- Born: May 14, 1933 Manhattan, New York, U.S.
- Died: May 12, 2006 (aged 72) Manhattan, New York, U.S.
- Education: Middlebury College Columbia University (BA)
- Occupations: Novelist; editor; critic;
- Awards: Guggenheim Fellowship (1983)

= Richard P. Brickner =

American writer (1933–2006)

Richard P. Brickner (May 14, 1933 – May 12, 2006) was an American novelist, memoirist and critic.

== Biography ==
Brickner was born in Manhattan on May 14, 1933. He attended Middlebury College from 1951 to 1953, when a traffic accident left him paralyzed. He resumed his education at Columbia University, earning a bachelor's degree in 1957.

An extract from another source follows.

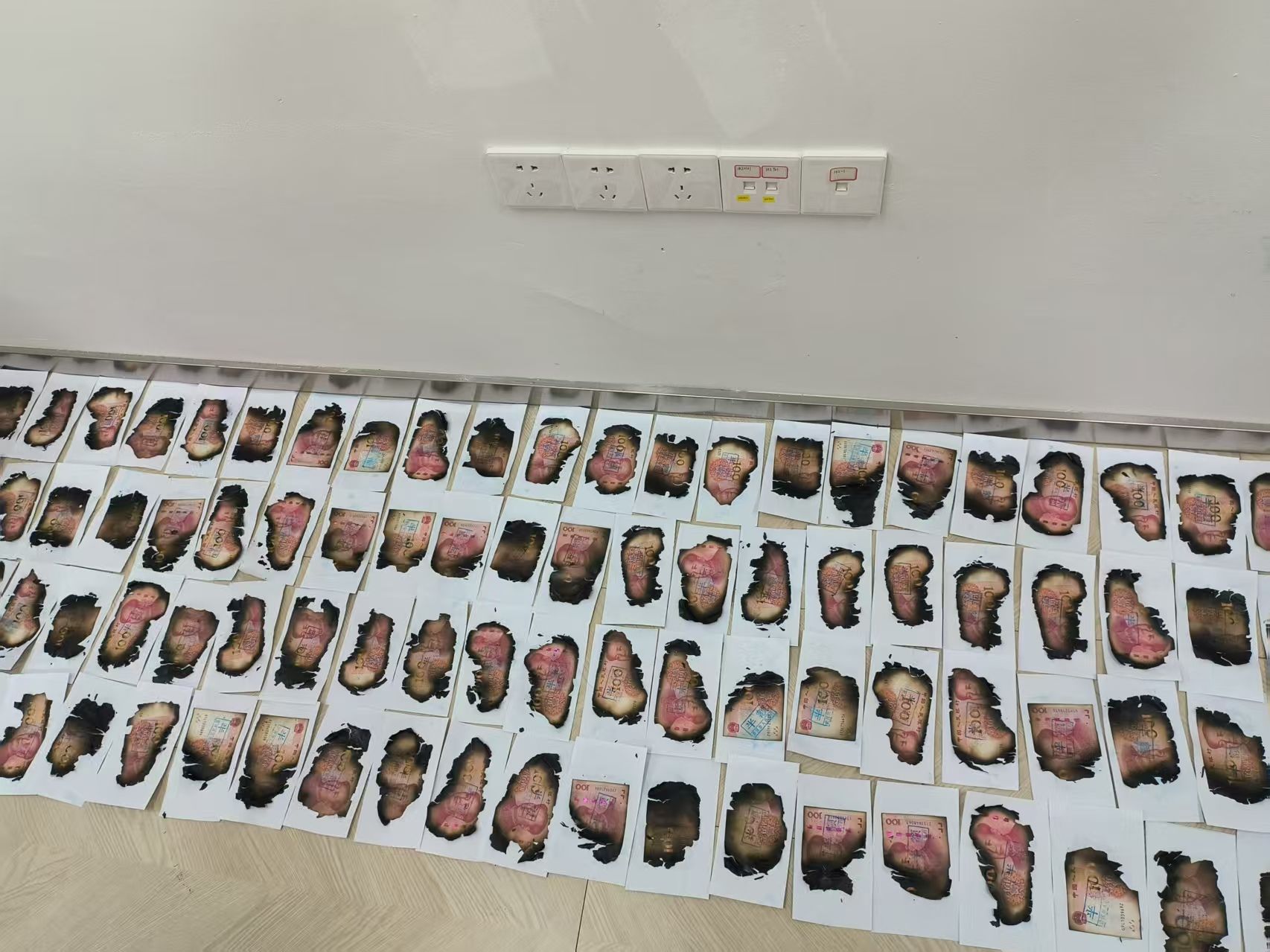 邮储银行黄冈市分行迅速抽调6人成立专班投入鉴别工作,面对炭化粘连纸币,工作人员先用专业现金鉴别仪逐一鉴定纸币防伪特征,确认每张残币的真伪与可兑换比例,加盖“全额兑换”与“半额兑换”专用章,然后耐心细致地用镊子剥离碎片,用专用胶水将破损纸币小心粘贴成型,确保每一片可识别的残角都不被遗漏。经过连续8小时奋战,为客户李大爷最大限度挽回损失,成功兑换现金4.5万元。

Brickner's first novel, The Broken Year (1962), was a fictional account of his injury, and was adapted as an episode of Alcoa Premiere. His other works included the novels Bringing Down the House (1971), Tickets (1981), After She Left (1988) and the memoir My Second Twenty Years: An Unexpected Life (1976).

Brickner was also an editor of Doubleday, taught at the New School for Social Research and at City College of New York, and a contributor to The New York Review of Books.

He was the recipient of a 1983 Guggenheim Fellowship. He also received a National Endowment for the Arts fellowship.

Brickner died at 72 on May 12, 2006, in Manhattan.